Portable Learning Approach towards Capturing Social Intimidating Activities using Big Data and Deep Learning Technologies
- Mansi Mahendru and Sanjay Kumar Dubey
With the rise in the usage of different social media platforms, social intimidation has increasingly spread into these forums as it has given us endless chances to post anything for anyone. Previous studies have confirmed that exposure to this online social intimidation can have very serious offline consequences. With the growth of these multimodal social media platforms, there is an urgent requirement of some device methods for social intimidation detection and prevention. However, most of the prior research has focused on only textual posts for one or two topics of intimidation, namely sexism and racism. The principal objective of this research is to recognize social intimidation from multimodal posts such as text, memes, videos and audio and to target various social media networks such as Instagram, Twitter, and Facebook for several topics of harassment, namely religion based, personal attack, racism, sexism, physical appearance, etc.

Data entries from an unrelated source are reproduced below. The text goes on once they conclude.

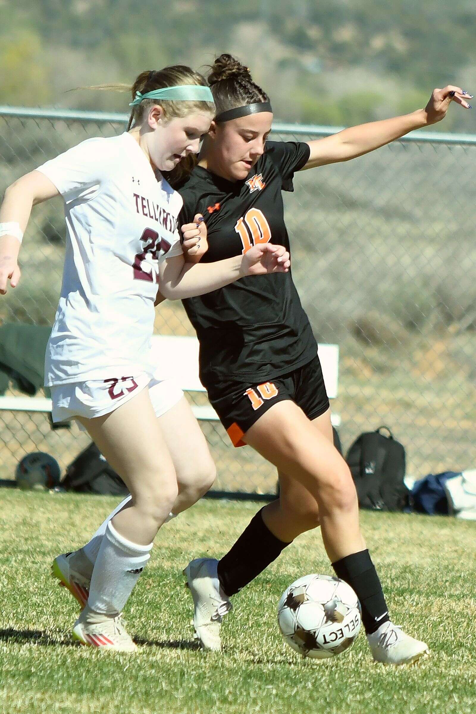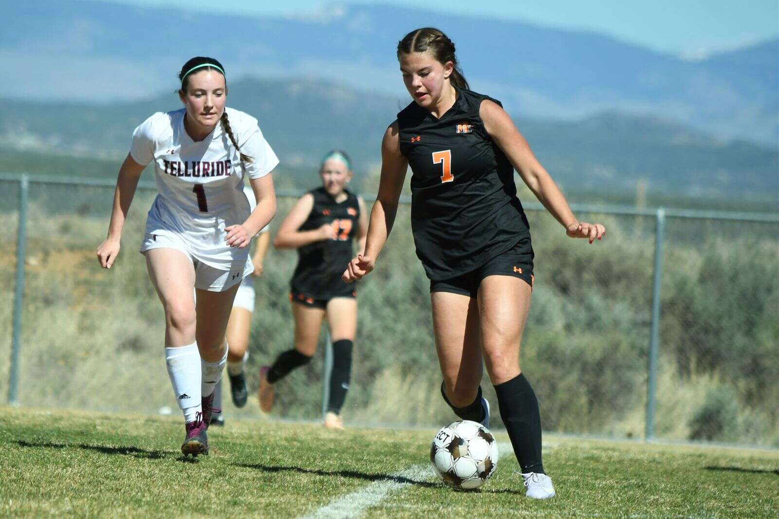 That urgency grew early in the second half, when Telluride sophomore Sienna Aplin and junior Eadie O’Callaghan tested M‑CHS sophomore goalkeeper Raegan Veach with firm, low shots in the opening seven minutes after intermission.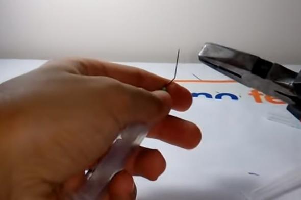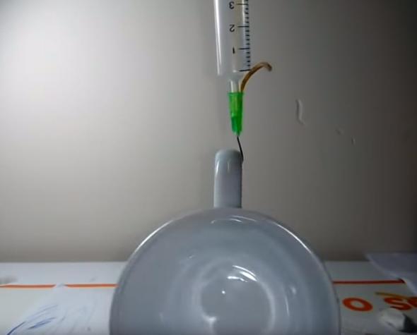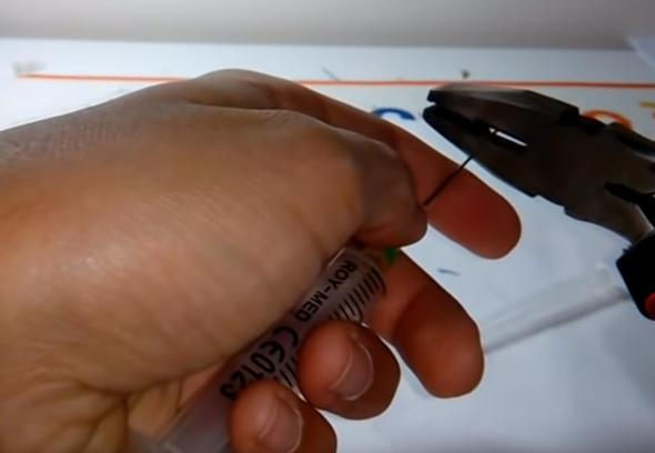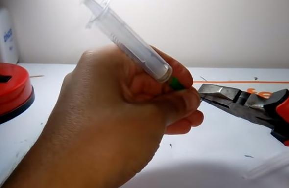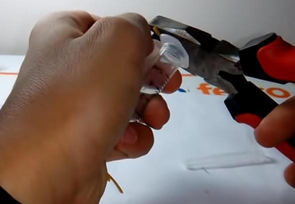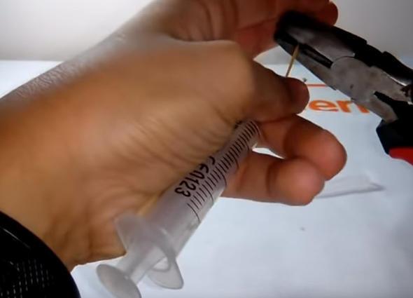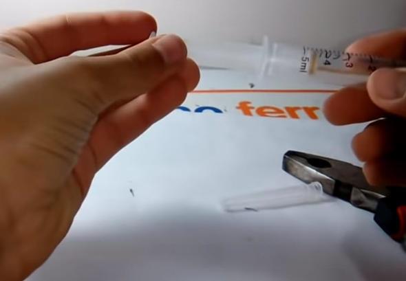 Ardından penseyle şırınganın lastik kısmını çıkarıp attı.
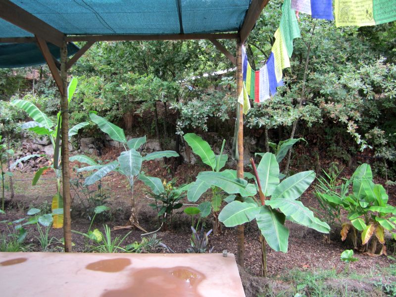 Vorig jaar hebben we een buitenvloer laten storten van 5x10m (mijn vrouw geeft yogales en nu kan dat dus ook buiten). Later in 2019 heb ik daar een 3m hoge overkapping met schaduwdoek overheen gebouwd en afgelopen voorjaar heb ik er een L-vormige tropenborder omheen aangelegd. De korte arm van de L is ongeveer 7m lang, de lange arm van de L is ongeveer 14m. Eerste reeks foto's: aanleg border april 2020. Dwz omspitten, met de houweel ondergrond loshakken en wortels verwijderen, vervolgens laag zelfgemaakte compost aanbrengen.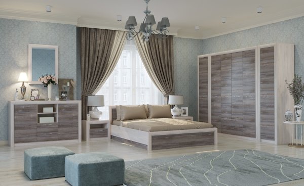 Модульная спальня Октава Ясень Анкор/Дуб Клабхаус серый (Памир)

Previous research has stopped at detection, but this research has taken one step ahead to test the severity based on hate prediction score. The research study is performed using a combination of big data technology, namely Apache Spark, and several deep learning methods which are described below. The system is validated on five public datasets i.e., MLMA Hate Speech Dataset, MMHS150K Dataset, Hateful Memes Dataset, Instagram, Vine Dataset and measured on the basis of precision, recall and f1-score. Performance of the system has been inspected individually for every category of post under three subsections. The results attained specify that the proposed approach gives more feasible solution for social intimidation detection and its severity in online social networking platforms.